Editorials

Air travel isn’t what it used to be

While waiting to meet his sister for the first time, Charlie Herr, 33, looks at the arrival information board for her flight at Sacramento International Airport last year. The airport has seen a 4 percent decline in flights since 2012, and public transit options to SMF are limited.
While waiting to meet his sister for the first time, Charlie Herr, 33, looks at the arrival information board for her flight at Sacramento International Airport last year. The airport has seen a 4 percent decline in flights since 2012, and public transit options to SMF are limited. Special to The Bee

Air travelers know that getting to and from their destinations isn’t what it used to be.

As we rush by the hundreds of thousands locally, and many millions nationally, to visit family and friends or take year-end vacations, too many flights get delayed and canceled, and you must partially disrobe to get past TSA security.
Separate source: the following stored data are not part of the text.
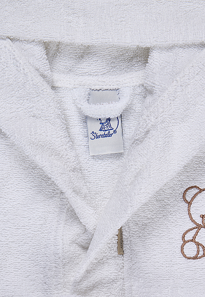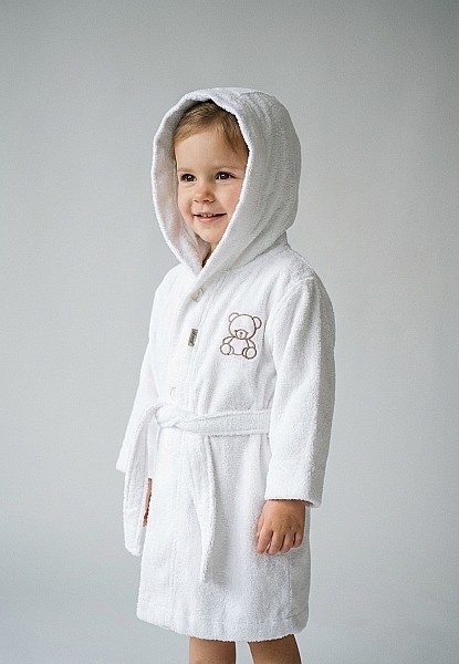 Frotinis chalatas, pagamintas iš 100% medvilnės yra patogus ir praktiškas pasirinkimas namuose, baseine ar po dušo. Natūrali, kilpinė medvilnė gerai sugeria drėgmę, leidžia odai kvėpuoti ir užtikrina šilumą bei komfortą. Kilpinė medžiaga yra minkšta, švelni ir maloni liesti, todėl chalatas puikiai tinka kasdieniam naudojimui. Patogus modelis nevaržo judesių ir leidžia vaikui jaustis jaukiai bet kuriuo metu. Šis vaikiškas chalatas yra funkcionalus sprendimas po vandens procedūrų, suteikiantis komfortą ir leidžiantis mažyliams atsipalaiduoti. Tai lengvai prižiūrimas ir ilgaamžis drabužis, kurio minimalistinis dizainas tiks tiek berniukams, tiek mergaitėms. Priekyje yra dvi talpios kišenės, per liemenį sujuosiamas diržas bei išsiuvinėtas meškiukas.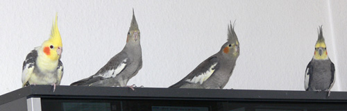 Schon mit 3 Jahren waren Vögel für mich faszinierende Tiere. Im Winter saß ich oft vor dem Fenster und beobachtete sie am Futterhaus. Das Interesse für Vögel aller Art ließ im Laufe der Jahre nicht nach, und ich bin in meiner Freizeit oft draußen anzutreffen. Doch nicht nur Steinkäuze und Halsbandschnäpper haben es mir angetan. Schon immer wollte ich auch Vögel halten, doch meine Eltern waren dagegen. Bis mir mit 13 Jahren ein blauer Wellensittich zuflog, dessen Besitzerin ihn nicht mehr zurück haben wollte. Schnell zog ein Weibchen für ihn ein und die Dinge nahmen ihren Lauf. Eines Tages bekam ich Federn einiger Nymphensittiche und war von der Vielfalt der Farbschläge begeistert. Besonders schön fand ich die Schwanzfedern der Weißkopf-Hennen. Doch da ich wusste, dass ein Nymphensittich-Paar viel anspruchsvoller ist als ein Wellensittich-Paar und auch der Platzbedarf größer ist, musste ich einige Jahre warten, bis ich mir über Nymphensittiche als Mitbewohner Gedanken machen konnte. 2004 zog ich dann mit meinem Freund in eine eigene Wohnung, und wir überlegten lange, ob die kleinen Kakadus zu uns passen.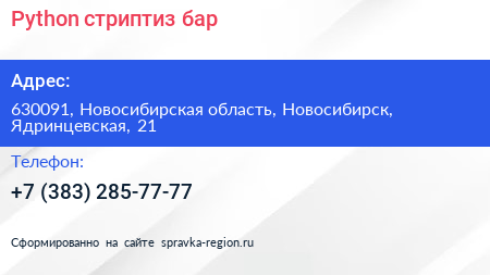 Python, стриптиз-бар по адресу 630091, Новосибирская область, Новосибирск, Ядринцевская, 21 в дальнейшем Организация, размещена в следующих категориях:
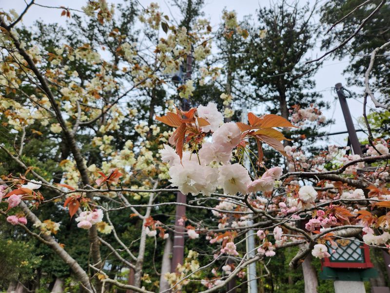 また、神社桜苑でも八重のサトザクラ系が見ごろとなっています。芳香が魅力の匂いサクラも咲いていますので、ぜひ近くに寄って各々に特徴のある桜をお楽しみください。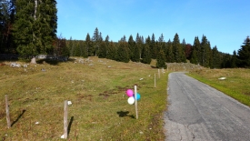 L’anniversaire a vraisemblablement lieu au chalet du Ski Club de Bière. Les volets sont ouverts et des voitures sont garées en contrebas. Nous en restons éloigné mais passons dire bonjour à La Correntine.
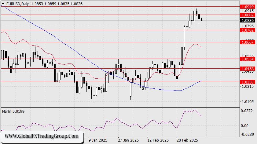 This image is no longer relevant If the price chooses to stabilize until the Federal Reserve meeting on March 19, it is unlikely to fall below 1.0762. Overall, the uptrend does not seem to be finished, and we anticipate that the high from March 11 will be surpassed. The decline of the Marlin oscillator appears more as a cooldown from the overbought zone rather than a sign of reversal, suggesting further growth ahead.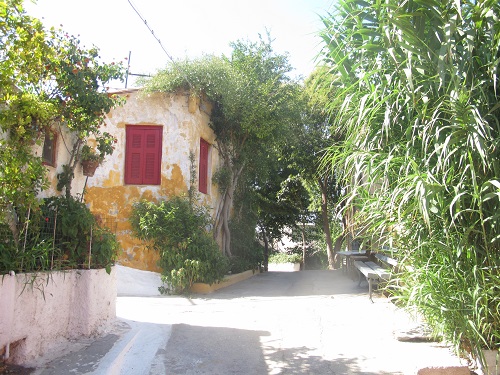 エーゲ海のアナフィ島から移り住んできた人々が最初に住んだので、アナフィオティカと呼ばれる。北東斜面の岩の上にできた住民地区なので、細い階段道は岩を削って作ったものだ。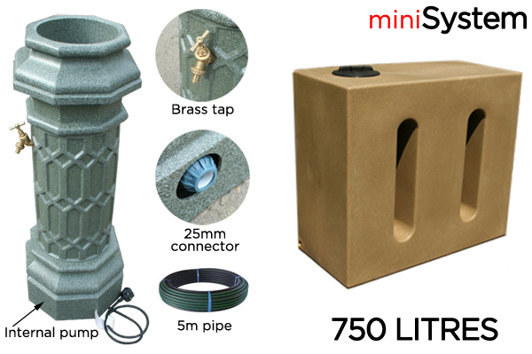 The ideal rainwater harvesting system for gardens. Collect rainwater from your roof into a 750 Litre water butt. This then connects to our specially adapted chiminey pot planter which has a built in water pump.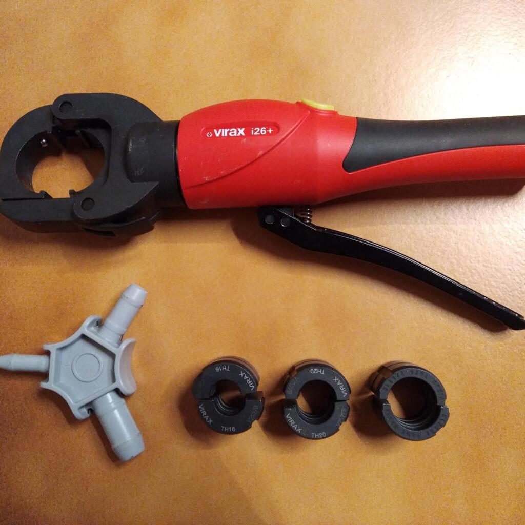 je propose en location une pince à sertir professionnelle Virax i26+ avec les mâchoires en profil TH associées (diamètres 16, 20 et 26).

The number of flights in and out of Sacramento has dropped by 4 percent since 2012, but the number of passengers is up by 2.2 percent. Seats are cramped and legroom is a joke. Babies cry, which is understandable. What’s truly annoying are the big babies who look like grown-ups but don’t seem to understand that we’re all in a rush to arrive in reasonably good cheer.
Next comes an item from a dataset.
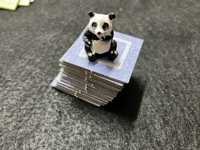 ラウンド終了時のに不足するタイル用にちょこんと乗っけておくパンダフィギュアが付いており、ちょっと作りは雑だけど、見ているうちにとっても可愛くなってきて、雰囲気もかわいいゲームでした。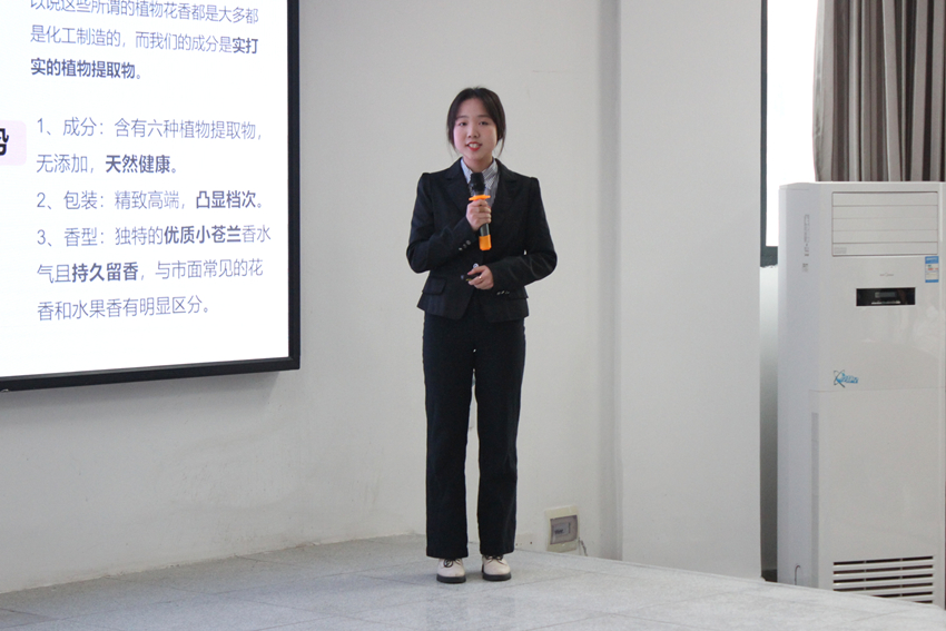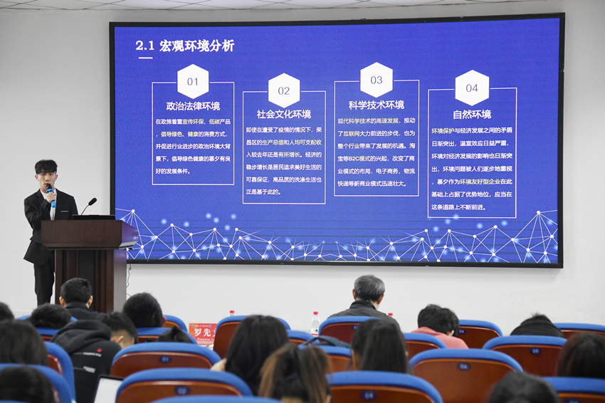 参赛队伍对商品及市场进行详细分析,提出综合线上线下共同营销的策划方案。其中抖音直播、微电影营销、制作宣传视频等新颖的营销方式受到现场好评。花木兰队采用SWOT分析方法对产品营销环境进行分析,并运用多种营销策略对产品营销进行规划。小猪佩奇队创新性地将产品营销与公益活动相结合,既响应了脱贫攻坚的号召,又体现了当代企业与大学生的社会责任感。

At least we who rely on Sacramento International Airport have the good fortune of having nice terminals where you can get a good cup of coffee or decent glass of local wine, find something to read, and not feel like you’re being pushed through a cattle chute.

The airport management, working with the Sacramento Metropolitan Arts Commission, has brought in musical groups to serenade travelers during the Christmas season, taking the edge off the holiday hustle, as The Bee’s Sammy Caiola wrote earlier this month.
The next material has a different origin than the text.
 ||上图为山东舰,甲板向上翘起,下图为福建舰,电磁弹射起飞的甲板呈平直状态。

Parking hasn’t become too expensive or difficult, although lots will fill this week, and the red rabbit in Terminal B still amuses. Even in the holiday rush, Sacramento’s airport feels a little like a pleasantly uncrowded shopping mall.

Of course, that’s also a problem, as the county struggles to generate sufficient revenue to pay off the $1.07 billion Terminal B construction debt.

It’s still too hard to get from Sacramento to the rest of the country and world. United Airlines exacerbated the lack of nonstop flights by ending for three months direct flights to Washington, D.C., to the dismay of the Northern California congressional delegation and lobbyists who made regular use of it.

Nor has Sacramento succeeded in living up to its status as an international airport, with the exception of a flight to Guadalajara, Mexico. Reno is getting a direct flight to London. Austin already has one. Portland, Ore., has flights to Frankfurt, Germany; Amsterdam; Tokyo; and Iceland.

As Sactown Magazine’s Rob Turner, a regular Bee contributor, wrote last month, Sacramento, the nation’s 27th-largest airport, has the fewest international flights of any of the top 35 metro airports.

The city has been working to build trade relations with Chongqing, in southwest China. Several U.S. corporations including Hewlett-Packard have major manufacturing operations there. Chongqing, with its regional population of 33 million, would seem to be a ripe place for regular flights.

Instead, we depend heavily on Southwest Airlines, the Texas-based carrier that used to be charming and relatively low-cost, but lately has struggled to improve its faltering on-time record.

In your search for direct flights, you might end up using San Francisco International. If you do, we recommend driving to the Pittsburg/Bay Point BART station and riding the train to the airport.

Perhaps the wizards at Sacramento Regional Transit one day will figure out how to run light rail from downtown to the airport. Maybe in our lifetime.